September 19, 2007September 20, 2007 / nsaunders

What’s N? It’s the fraction of time that bioinformaticians spend obtaining, formatting and getting raw data ready to use, as opposed to analysing it.

There’ll be a longer post on this topic soon. Suffice to say, I’ve spent the last month evaluating the performance of 5 predictive tools that are available on the web. To do this, a test dataset of 200 or so sequences had to be submitted to each one. Each tool generates a score for particular residues in the sequence. The final output, which is what I require to do some statistical analysis, looks something like this:

P08153  114     method     61.74   0
P08153  522     method     82.10   1

where we have a sequence UniProt accession number, a sequence position, the name of the tool used (method), a score and either 1 (a positive instance) or 0 (a negative instance).

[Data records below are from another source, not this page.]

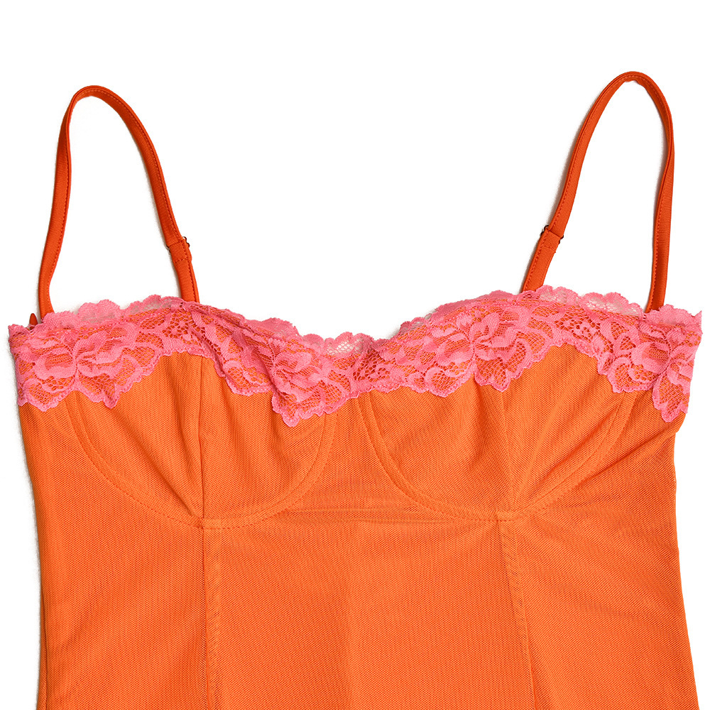 Color: Orange, using mesh milk Silk (lining) material as double layer, lace tube top design, zipper waist effect, full size spot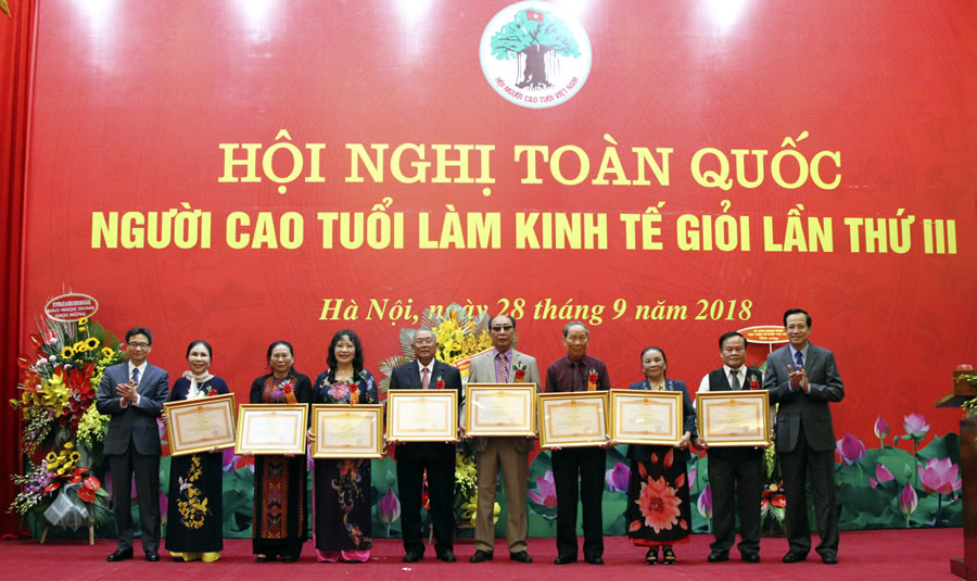 | Bác sĩ Vũ Thị Tư Hằng (thứ 4 từ trái qua) nhận Bằng khen của Thủ tướng Chính phủ tại Hội nghị toàn quốc Người cao tuổi làm kinh tế giỏi, tháng 9-2018. |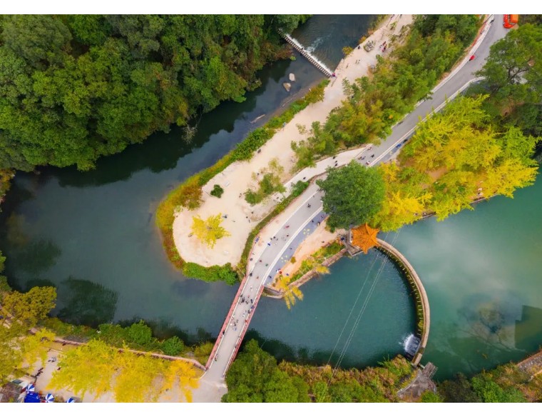 从林家铺子码头旁,过河到对岸进入步道,途径红枫湖、鹿栖谷、黄金大道;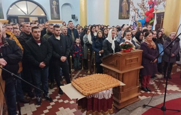 U ugljevičkom hramu Svete Petke Paraskeve služena je božićna liturgija, a mnogobrojni vjernici su nakon toga lomili veliku božićnu česnicu koja je djelo lokalnih pekara.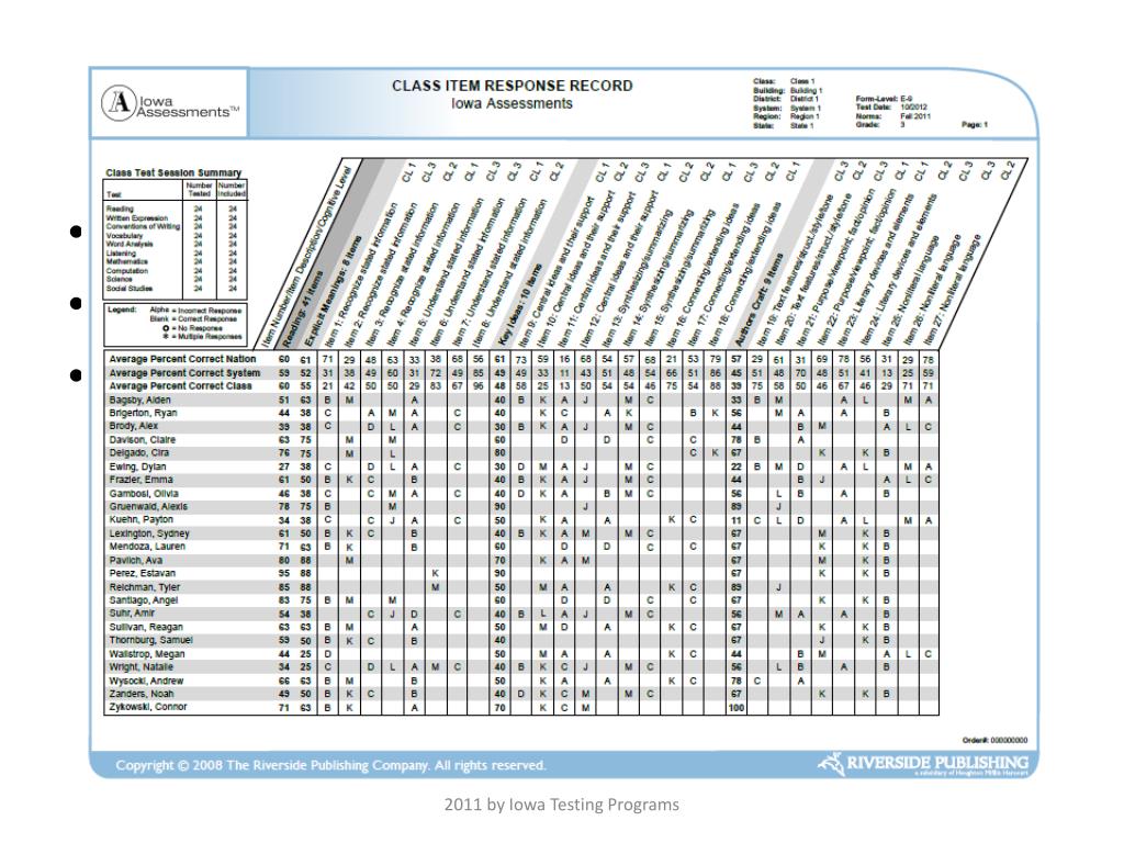Iowa Assessments – Forms E/F • Standards-based instructional decisions • Individual progress and growth for individuals • Reporting group progress and growth • Providing relative comparisons • Providing empirical evidence that supports comparisons with NAEP, state results and international benchmarking measures • Providing information that measures a continuum of achievement and tracks student progress from kindergarten to grade 12. • Measuring achievement in core academic areas important for success in college including reading, language arts, mathematics and science. 2011 by Iowa Testing Programs

Doesn’t look too hard, does it? Except that:

None of the web servers provide web services or APIs
None of them provide standalone software for download
Most of them don’t generate easily-parsed output (delimited plain text)
Most of them have limited batch upload and processing capabilities

The solution, as always, is to hack together several hundred lines of poorly-written Perl (using HTML::Form in my case) to send each sequence to the server, grab the HTML that comes back, parse it and write out text files in the format shown above.

That’s 3-4 weeks and 500 lines of throwaway code just to get the raw data in the right state for analysis

When I started out in bioinformatics, I used to joke that at least 50% of my time was spent just obtaining raw data and formatting files. Over the years, I’ve revised my estimate. It’s currently at around 80-90% and I’m not sure that it’s still a joke.

Why is this trend in the wrong direction? When does it become untenable? I’m starting to think that my job title should be “data munger”, not “research officer”. I wouldn’t mind if data munging was perceived as a skill in academia but when funding is results-based, it will only ever be seen as the means to an end. Which it is, of course.

14 thoughts on “Where N is an arbitrarily large fraction approaching one”

Chris

September 19, 2007 at 15:47

Thank you for writing this. It’s nice to know that when I spend long days and nights parsing data from one format to another, I’m not alone.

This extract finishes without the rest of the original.